GlobalSecondaryIndex

Every GlobalSecondaryIndex must declare a projection, which describes the columns projected into the index. Only projected columns are loaded from queries and scans on the index, and non-projected columns can't be used in filter expressions. A projection can be "all" for all columns in the model; "keys" for the hash and range columns of the model and the index; or a list of Column objects or their model names. If you specify a list of columns, key columns will always be included.

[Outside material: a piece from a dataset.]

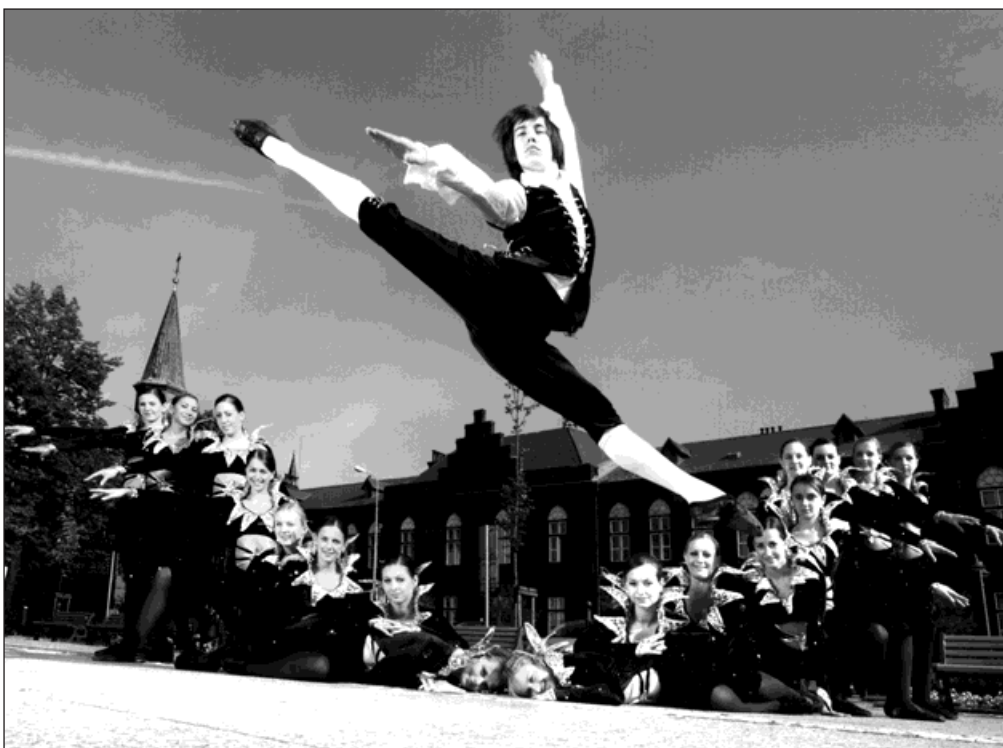
Jedna z fotografií aktuální výstavy tanečního souboru Impuls.

V zasedací síni radnice se tanečníkům dostalo uznání a díky za excellentní reprezentaci města. Soubor obdržel desetitisícový finanční dar a jeho členové se zveřejnili svými podpisy do pamětní knihy. Čekalo však na ně ještě jedno milé překvapení. V Galerii na chodbě v prvním patře radnice byla nainstalována nová výstava. Jsou to zvětšeniny uměleckých fotografií Impulsáků, pro které pózovali před objektivem na netradičních místech. Jsou zachyceni při tanečních kracích na náměstí, na rozestavěné dálnici nebo v tovární hale. (red)

class HeavilyIndexed(BaseModel):
    ...
    by_email = GlobalSecondaryIndex("all", hash_key="email")
    by_username = GlobalSecondaryIndex("keys", hash_key="username")
    by_create_date = GlobalSecondaryIndex(
        ["email", "username"], hash_key="created_on")

A GlobalSecondaryIndex must have a hash_key, and can optionall have a range_key. This can either be the model_name of a column, or the column object itself:

class Impression(BaseModel):
    id = Column(UUID, hash_key=True)
    referrer = Column(String)
    version = Column(Integer)
    created_on = Column(DateTime)

    by_referrer = GlobalSecondaryIndex("all", hash_key=referrer)
    by_version = GlobalSecondaryIndex("keys", hash_key="version")

Unlike LocalSecondaryIndex, a GSI does not share its throughput with the table. You can specify the read_units and write_units of the GSI. Both default to 1:

GlobalSecondaryIndex("all", hash_key=version, read_units=500, write_units=20)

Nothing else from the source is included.